Although this language is vague (at one point, it allows consent to be based on “positive cooperation,” which might extend beyond consent in advance), it clearly defines some sex and sexual activity as sexual assault on campus, even if it would be perfectly legal off campus (it does so even more clearly than SB 967 does). It does that even though college students are largely adults who have the right to vote, get married, and serve in the military. For example, students have First Amendment rights that are largely “coextensive” with their rights in society generally, as the Supreme Court has indicated in decisions such as Papish v. University of Missouri Curators, Healy v. James, and Rosenberger v. University of Virginia. (Disclosure: I used to practice education law for a living.).

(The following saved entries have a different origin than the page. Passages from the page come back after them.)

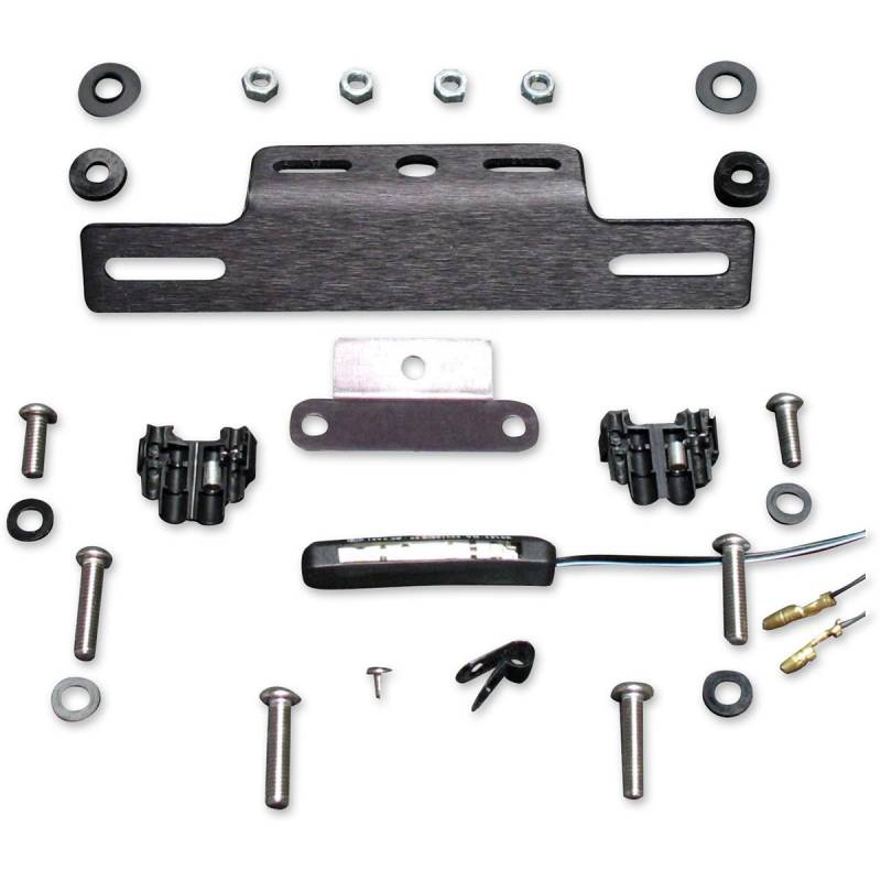 Standard kits include black anodized aluminum license plate bracket, anodized aluminum license tag bracket, LED license plate tag light with no-cut connectors and all necessary installation hardware
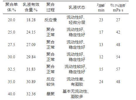 乳液中聚合物有效含量越高,增黏能力越強,使用成本越低,聚合單體濃度直接決定乳液有效含量,并通過影響聚合反應過程進而影響減阻劑綜合性能。
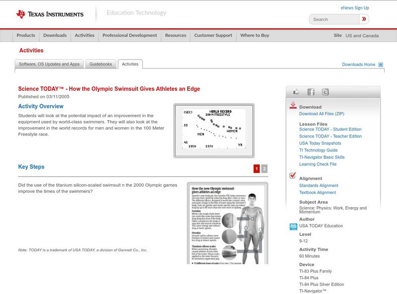 In this activity students will look at the potential impact of an improvement in the equipment used by world-class swimmers. They will also look at the improvement in the world records for men and women in the 100 Meter Freestyle race.
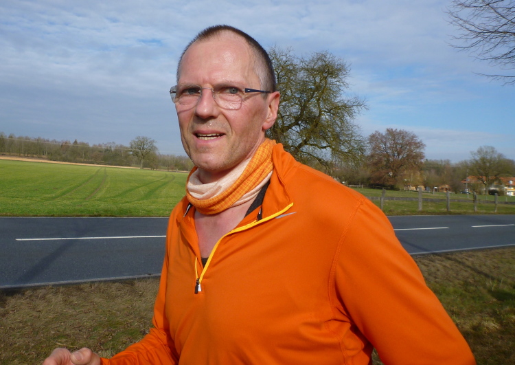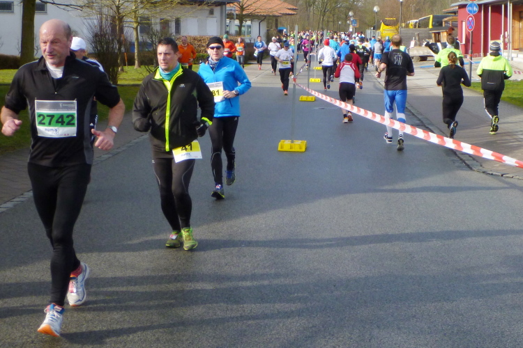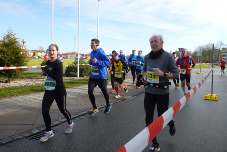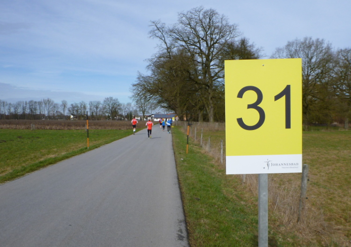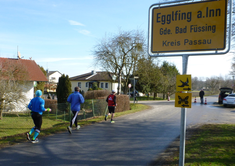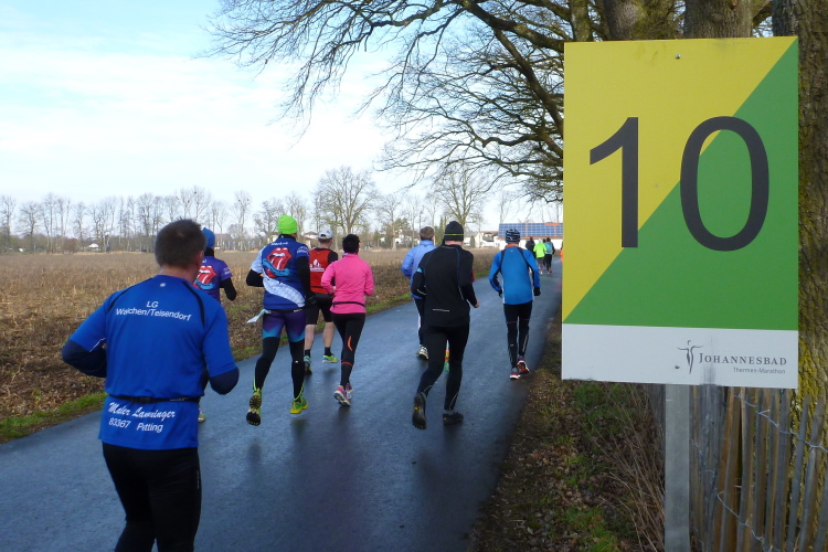 Hier und jetzt in Bad Füssing haben wir Glück, morgens scheint die Sonne. Laut Wetterbericht ist mit allem zu rechnen. Um 10 Uhr hat es sich leicht eingetrübt, es starten Marathon und Halbmarathon, weitgehend windstill. Wir laufen zwei Mal über eine Umfahrungsstraße, dann geht es flach weiter. Ich überhole Franz Lang, er läuft heute seinen 150. Marathon, wir kennen uns persönlich vom Málaga-Marathon 2014 und in Bremen 2012 waren wir auch gemeinsam am Start.

The assumption seems to be that California’s general definition of sexual assault, which applies off campus, is too narrow. But this assumption is dubious, and in a few rare situations, the existing California definition of sexual assault may already be too broad. Men and women involved in sexual relationships learn the intimate preferences of their partners. As a result, they often know without discussion when their partner desires sex, and can often tell in advance from context whether their partner will welcome a particular sexual act. For example, the former girlfriend of a college hallmate of mine at the University of Virginia would sometimes awaken him through oral stimulation, evincing her desire for intercourse, which generally ensued between them without discussion. Under existing California law, this pleasurable activity is already treated as sexual assault, since a California appellate decision ruled that people cannot consent to future sex while incapacitated. But every person who heard this anecdote thought my hallmate was a lucky man, not a victim of sexual assault (the pleasure of sex may in some cases be enhanced by the element of surprise). Thus, the current California legal definition of sexual assault already appears to be too broad, not too narrow, in such situations.